-- DATA EXTRACTS follows --

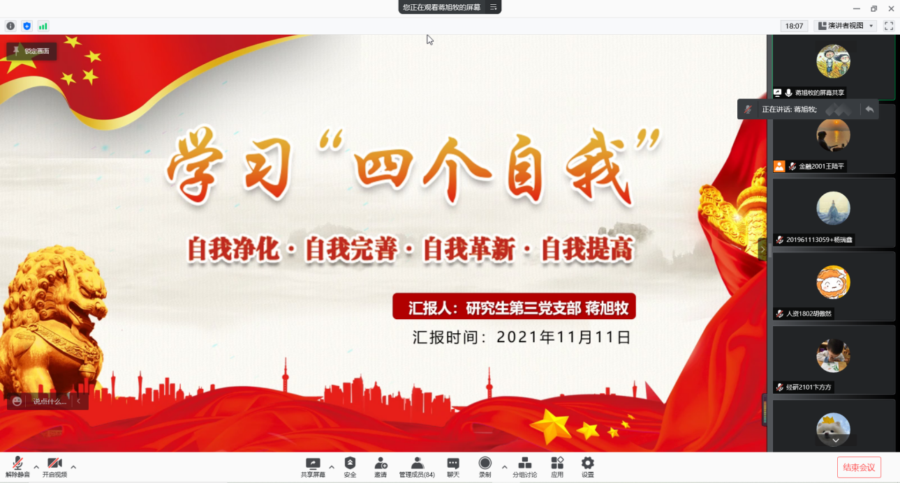 学党史、守初心、担使命。蒋旭牧同学与大家一同学习“自我净化、自我完善、自我革新、自我提高”的革命思想,感悟中国共产党人的初心使命,激励全体党员要牢牢把握“四个自我”,在学思践悟中练好本领,积极投身到第二个百年奋斗目标的奋斗征程中。
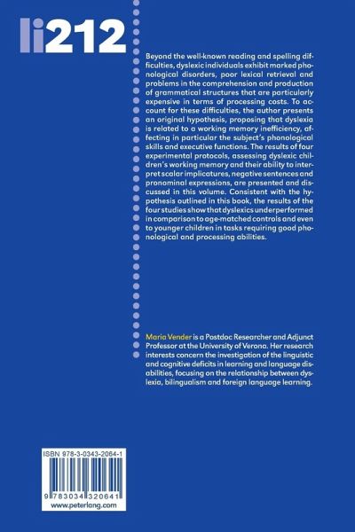 Beyond the well-known reading and spelling difficulties, dyslexic individuals exhibit marked phonological disorders, poor lexical retrieval and problems in the comprehension and production of grammatical structures that are particularly expensive in terms of processing costs. To account for these difficulties, the author presents an original hypothesis, proposing that dyslexia is related to a working memory inefficiency, affecting in particular the subject's phonological skills and executive functions. The results of four experimental protocols, assessing dyslexic children's working memory and their ability to interpret scalar implicatures, negative sentences and pronominal expressions, are presented and discussed in this volume. Consistent with the hypothesis outlined in this book, the results of the four studies show that dyslexics underperformed in comparison to age-matched controls and even to younger children in tasks requiring good phonological and processing abilities.
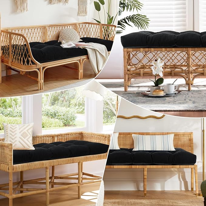 Bench Cushion 42 Inch - Chenille, High-Density Memory Foam, Non-Slip Bottom, Soft Durable Indoor Tufted Long Seat Cushion for Window Garden Furniture (Black, 42x16x4 Inch)
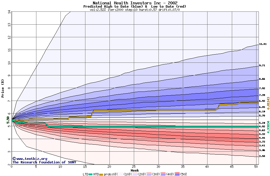 The high to date and low to date prices of the stock plotted against a random walk model for 2002 (what's this?).
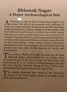 Bhismaknagar is an important ancient archeological site. The site must have been a stronghold of the Chutias. The ruins have been dated between the 11th-15th centuries.[9] Bhismaknagar has been identified with Sadhayapuri (or Svadhayapuri), the political centre of the Chutia Kingdom.[10] Based on an inscriptions on brick, it is assumed to have been the capital of Chutia king Lakṣmīnārāyaṇa, of the early 15th century. Paleographical analysis supports this dating.[11]
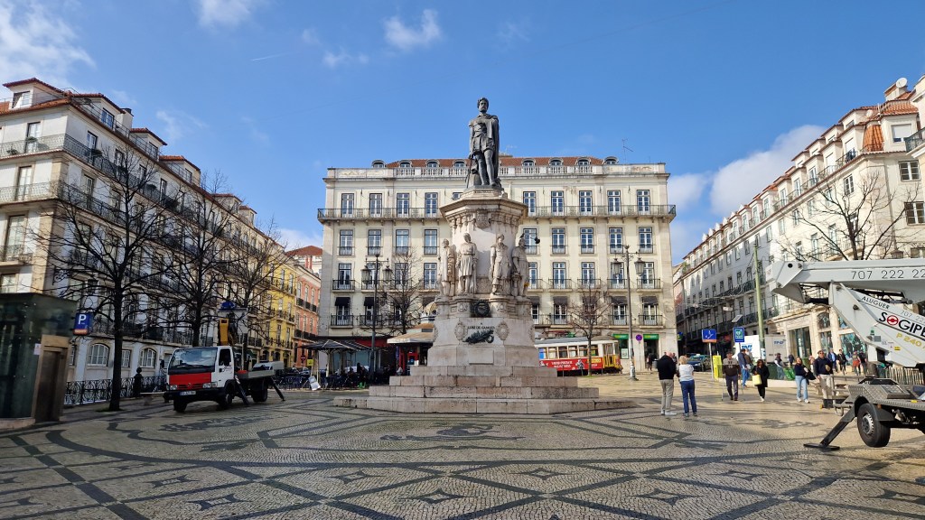 Day 2 dawned with some more good weather and made our way to Praça dos Restauradores, one of the city’s main squares adjacent to Rossio railway station. First up was breakfast and so we called in at Fábrica da Nata, one of the top rated places for Pastéls de Nata in the city which is situated directly on the edge of the square. A coffee, breakfast croissant and a couple of Pastéls de Nata are a great way to start the day and once again, even first thing in the morning, the weather was nice enough for us to sit outside in February and enjoy our breakfast.

-- DATA EXTRACTS concluded --

Set down nothing but the lines from the one containing "The high to" to the final line above, both included, with every picture left out.

 The high to date and low to date prices of the stock plotted against a random walk model for 2002 (what's this?).
 Bhismaknagar is an important ancient archeological site. The site must have been a stronghold of the Chutias. The ruins have been dated between the 11th-15th centuries.[9] Bhismaknagar has been identified with Sadhayapuri (or Svadhayapuri), the political centre of the Chutia Kingdom.[10] Based on an inscriptions on brick, it is assumed to have been the capital of Chutia king Lakṣmīnārāyaṇa, of the early 15th century. Paleographical analysis supports this dating.[11]
 Day 2 dawned with some more good weather and made our way to Praça dos Restauradores, one of the city’s main squares adjacent to Rossio railway station. First up was breakfast and so we called in at Fábrica da Nata, one of the top rated places for Pastéls de Nata in the city which is situated directly on the edge of the square. A coffee, breakfast croissant and a couple of Pastéls de Nata are a great way to start the day and once again, even first thing in the morning, the weather was nice enough for us to sit outside in February and enjoy our breakfast.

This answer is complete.